Exercise prompt:
Please retype the entries below exactly, only from their first line through the line containing "Vezmi so sebou", leaving every picture out.
┄┄┄┄┄┄
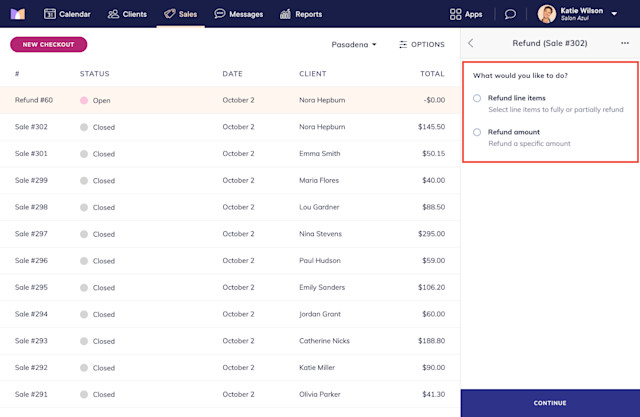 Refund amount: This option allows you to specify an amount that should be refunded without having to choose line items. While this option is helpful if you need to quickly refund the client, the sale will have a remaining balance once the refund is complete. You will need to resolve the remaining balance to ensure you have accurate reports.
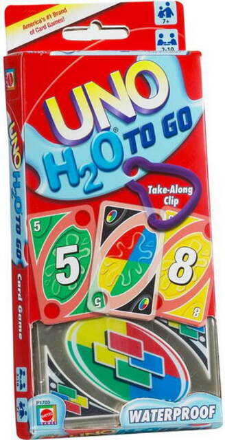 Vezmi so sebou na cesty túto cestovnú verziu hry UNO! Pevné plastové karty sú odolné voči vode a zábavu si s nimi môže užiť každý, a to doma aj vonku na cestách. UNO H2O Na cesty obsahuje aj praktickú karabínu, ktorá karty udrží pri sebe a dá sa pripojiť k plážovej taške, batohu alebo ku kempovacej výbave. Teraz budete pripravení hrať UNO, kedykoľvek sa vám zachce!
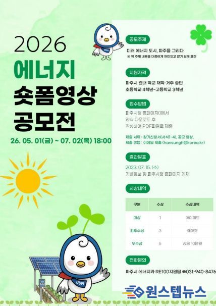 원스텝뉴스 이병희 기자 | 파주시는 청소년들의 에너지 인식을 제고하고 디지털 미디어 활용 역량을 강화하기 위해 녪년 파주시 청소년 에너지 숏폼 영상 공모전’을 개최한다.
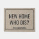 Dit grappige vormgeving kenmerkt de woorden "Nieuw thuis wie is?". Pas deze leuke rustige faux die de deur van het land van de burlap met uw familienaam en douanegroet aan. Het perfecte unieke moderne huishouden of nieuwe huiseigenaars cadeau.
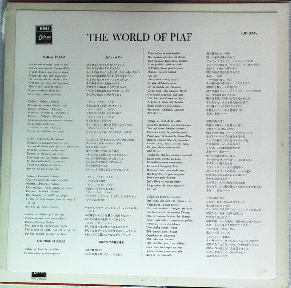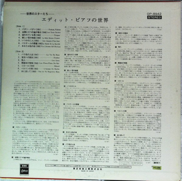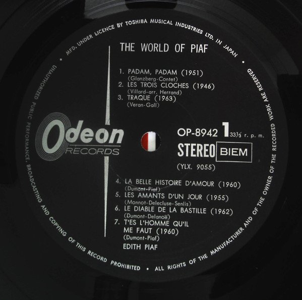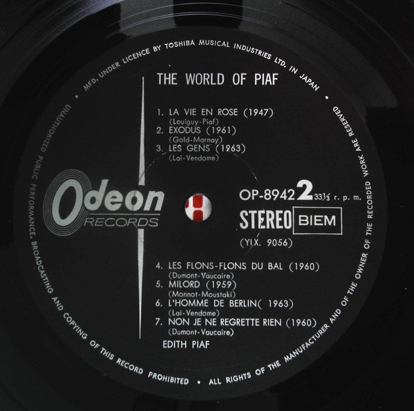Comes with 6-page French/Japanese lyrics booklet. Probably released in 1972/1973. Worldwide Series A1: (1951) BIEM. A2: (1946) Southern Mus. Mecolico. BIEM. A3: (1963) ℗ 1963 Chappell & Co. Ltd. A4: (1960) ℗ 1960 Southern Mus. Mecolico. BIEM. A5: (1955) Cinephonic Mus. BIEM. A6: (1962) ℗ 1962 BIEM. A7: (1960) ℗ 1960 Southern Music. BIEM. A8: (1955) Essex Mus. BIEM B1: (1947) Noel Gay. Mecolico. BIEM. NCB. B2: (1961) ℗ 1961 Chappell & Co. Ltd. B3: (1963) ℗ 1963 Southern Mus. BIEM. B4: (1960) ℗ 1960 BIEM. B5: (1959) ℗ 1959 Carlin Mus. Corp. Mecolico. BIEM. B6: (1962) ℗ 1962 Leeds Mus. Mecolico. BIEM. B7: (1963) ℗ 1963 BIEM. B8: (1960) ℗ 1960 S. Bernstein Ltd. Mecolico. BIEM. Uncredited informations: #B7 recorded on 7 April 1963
┄┄┄┄┄┄
Answer for the task:
 Refund amount: This option allows you to specify an amount that should be refunded without having to choose line items. While this option is helpful if you need to quickly refund the client, the sale will have a remaining balance once the refund is complete. You will need to resolve the remaining balance to ensure you have accurate reports.
 Vezmi so sebou na cesty túto cestovnú verziu hry UNO! Pevné plastové karty sú odolné voči vode a zábavu si s nimi môže užiť každý, a to doma aj vonku na cestách. UNO H2O Na cesty obsahuje aj praktickú karabínu, ktorá karty udrží pri sebe a dá sa pripojiť k plážovej taške, batohu alebo ku kempovacej výbave. Teraz budete pripravení hrať UNO, kedykoľvek sa vám zachce!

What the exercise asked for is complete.